2. They surround themselves with sycophants and lowly individuals, who are the first to abandon them in times of crisis.
3. They have an unhealthy and delusional belief in their own invincibility.
Now, Bashar al-Assad, another dictator, has been consigned to the graveyard of history, marking the end of the Assad family’s 50-year rule over Syria. According to media reports, Bashar al-Assad has fled Syria, though his destination remains unknown. Syria’s military and security forces refused to defend him or confront his opponents.
Bashar al-Assad and Syria’s Ba’ath Party established one of the most ruthless regimes in the Middle East. To cling to power, Assad unleashed a bloodbath and committed atrocities that defy the limits of language and imagination.
Born on September 11, 1965, Bashar al-Assad came to power in 2000 after the death of his father, Hafez al-Assad, in a fraudulent and staged election that granted him “lifetime presidency.” Initially, his elder brother, Basil al-Assad, was designated to succeed their father, but Basil died in a car accident in 1994. At the time of his father’s death, Bashar was studying ophthalmology in London. He abandoned his studies and returned to Damascus.
Many Syrians hoped that Bashar al-Assad, having experienced life in a free and democratic European country, would initiate wide-ranging political reforms and steer Syria toward democracy. However, not only did this fail to materialize, but Bashar al-Assad became one of the most callous dictators in the Middle East, with the blood of tens of thousands of Syrians weighing heavily on his conscience.

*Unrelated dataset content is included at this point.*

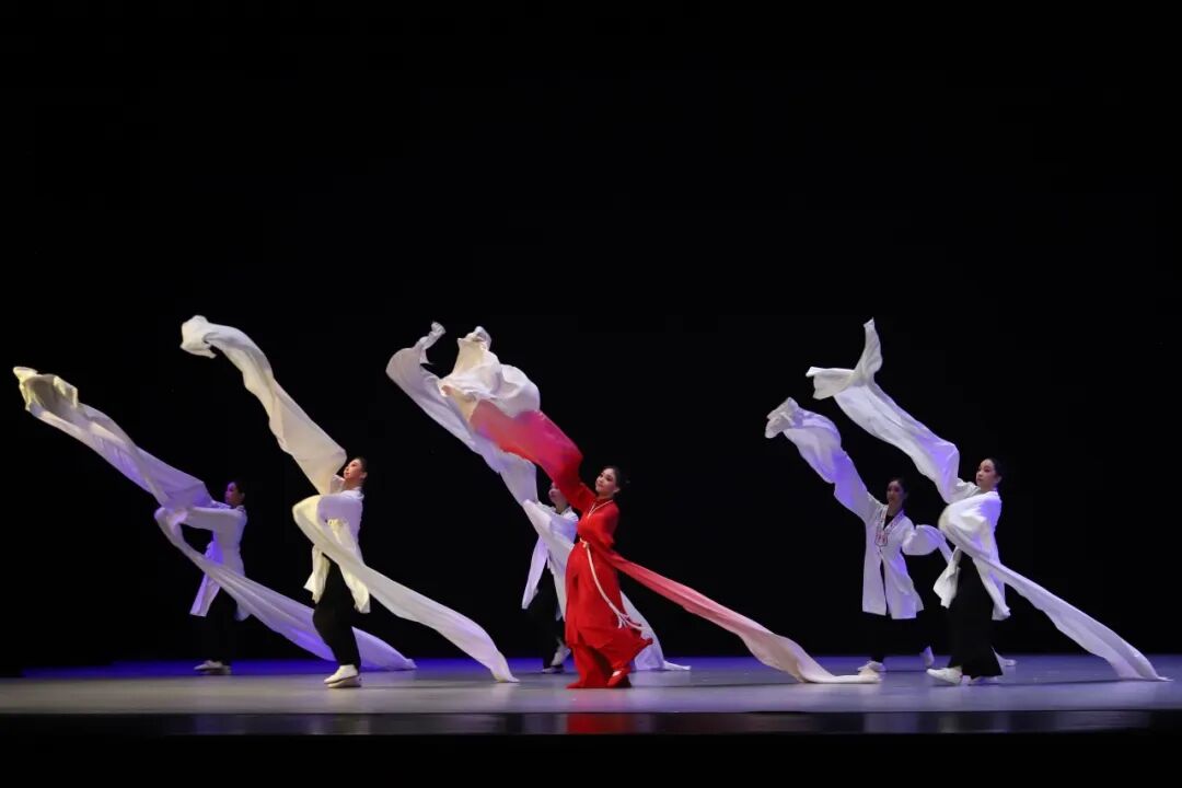 演出现场,金彩芳教授与学生们倾情演绎了《牡丹亭·幽媾》《蝴蝶梦·劈棺》《红楼梦·葬花》等系列越剧经典折子戏,剧目纷呈,令在场师生深深沉浸于传统戏曲艺术之中。演出尾声,金教授率领全体花旦学生呈现了精彩的水袖集体展示,只见长袖翻飞,意韵悠长,充分展现了越剧艺术的独特魅力,整场表演掌声雷动。

Following the fall of Bashar al-Assad’s regime, The New York Times reported that Iranian diplomats and citizens had fled Syria. Some returned to Tehran by plane, while others crossed land borders to Lebanon, Iraq, or the port of Latakia.
Today, the world is more hostile than ever toward dictators. Not long before the Syrian uprising, Bashar al-Assad claimed that the wave of unrest sweeping Arab countries would never reach Syria because “the Syrian people are satisfied with their situation.”
But history has once again shown that those who fail to learn from the past are doomed to repeat it. A regime may be seized by the sword, but it cannot be maintained by it.